- Armiger: Bandung
- Adopted: 8 June 1953
- Shield: Or, a half hexagon Vert, a chief embattled of four Argent and Sable, Barry wavy of ten Argent and Azure
- Motto: Gemah Ripah Wibawa Mukti (Clean, Prosperous, Devout, Friendly)

= Coat of arms of Bandung =

The Coat of arms of Bandung is the official coat of arms of the city of Bandung. The emblem was adopted in June 1953.

==Description==
The half hexagon represent Mount Tangkuban Perahu, The waves represent that Bandung used to be a large lake, on the ribbon is Bandung's official motto in the Sundanese: Gemah Ripah Wibawa Mukti which means (Clean, Prosperous, Devout, Friendly).

===Dutch East Indies===

Coat of arms of Bandoeng during Dutch colonial era, granted in 1931.
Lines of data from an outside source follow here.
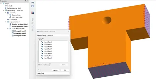 Then, the only parameters I need to define is the conductor, by selecting the Perfect Electric Conductor symbol. And for this example, I chose the entire model, so all the open faces.
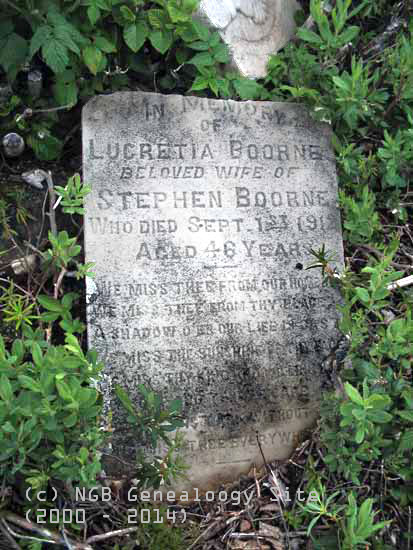 | In memory of Lucretia BOORNE beloved wife of Stephen Boorne who died September 1, 1912 age 46 years. | |
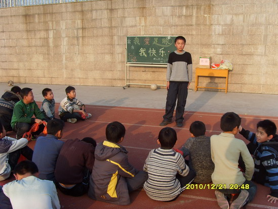 冬天暖暖的阳光照得人心情明媚,横山桥中心小学足球队在田径场召开了一场“我爱足球,我快乐”的主题活动。活动分为足球游戏、联欢会、以及颁奖合影三个部分。在活动中,队员们兴趣盎然,看他们颠球游戏、运球过标志物、表演节目、颁奖、领奖合影,多开心、多投入啊!我校足球队在学校领导的关心重视和全体师生的大力支持下,坚持常年训练,从教练员到运动员经常放弃休息时间,起早贪黑,认真、刻苦地进行训练。功夫不负有心人,在今年的比赛中获得了骄人的成绩。我们将在更高的起点上,秉承常州市教育局长丁伟明局长提出的精神去努力:“坚持在‘坚守’与‘创新’中大力开展学校体育工作,使阳光体育运动蓬勃开展,凸显勃勃生机。”为横山桥中心小学的明天继续增光添彩。
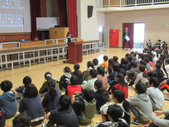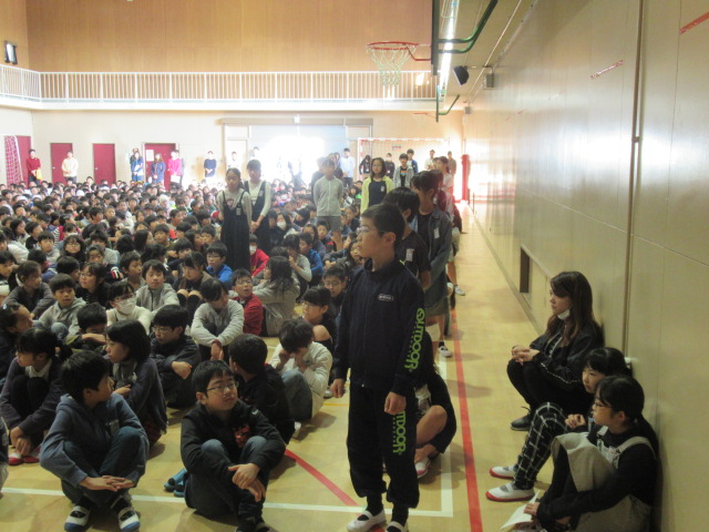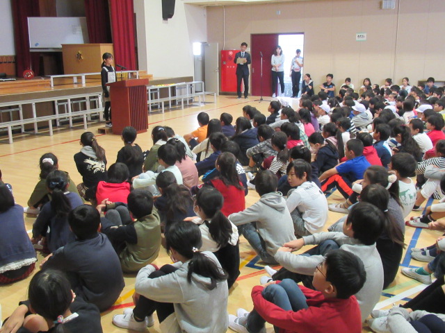 11月12日(月)の全校朝礼では、先日行われた京田辺市小中学生英語スピーチコンテストの入賞児童と来月2日(日)に行われる小中学生の主張大会に出場する児童の発表があり、みんな静かに聞き入っていました。
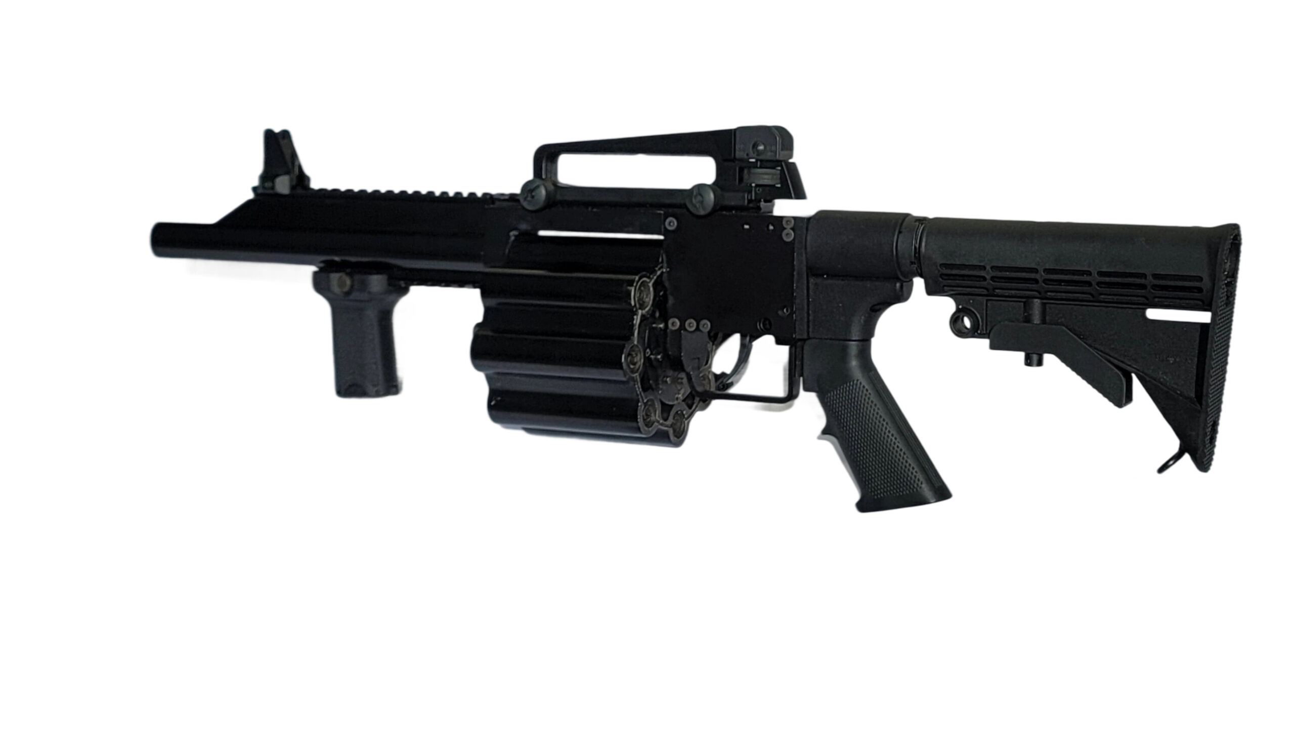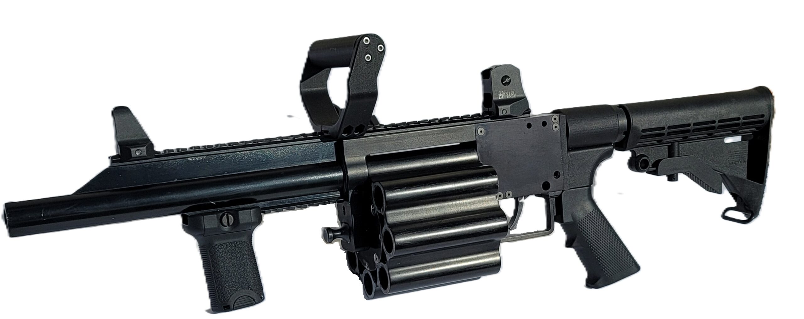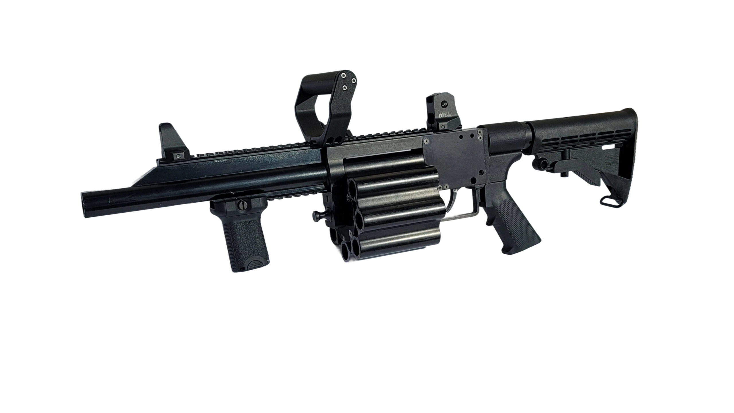 ROTO 12 CS “Chain Saw” Shotgun is a 8-round, 12-gauge, cylinder-fed shotgun that accepts a standard AR15 style grip and AR15 style stock with buffer tube.

The first emblem of Bandung was officially granted on 11 August 1931. The arms consisted of a shield, divided diagonally by an embattled line, on the left side there are a wave of ten blue and white, and on the right side is yellow. The arms were supported by lions, above the arms was a mural crown, The motto in Latin says Ex Undis Sol (From the waves, the sun).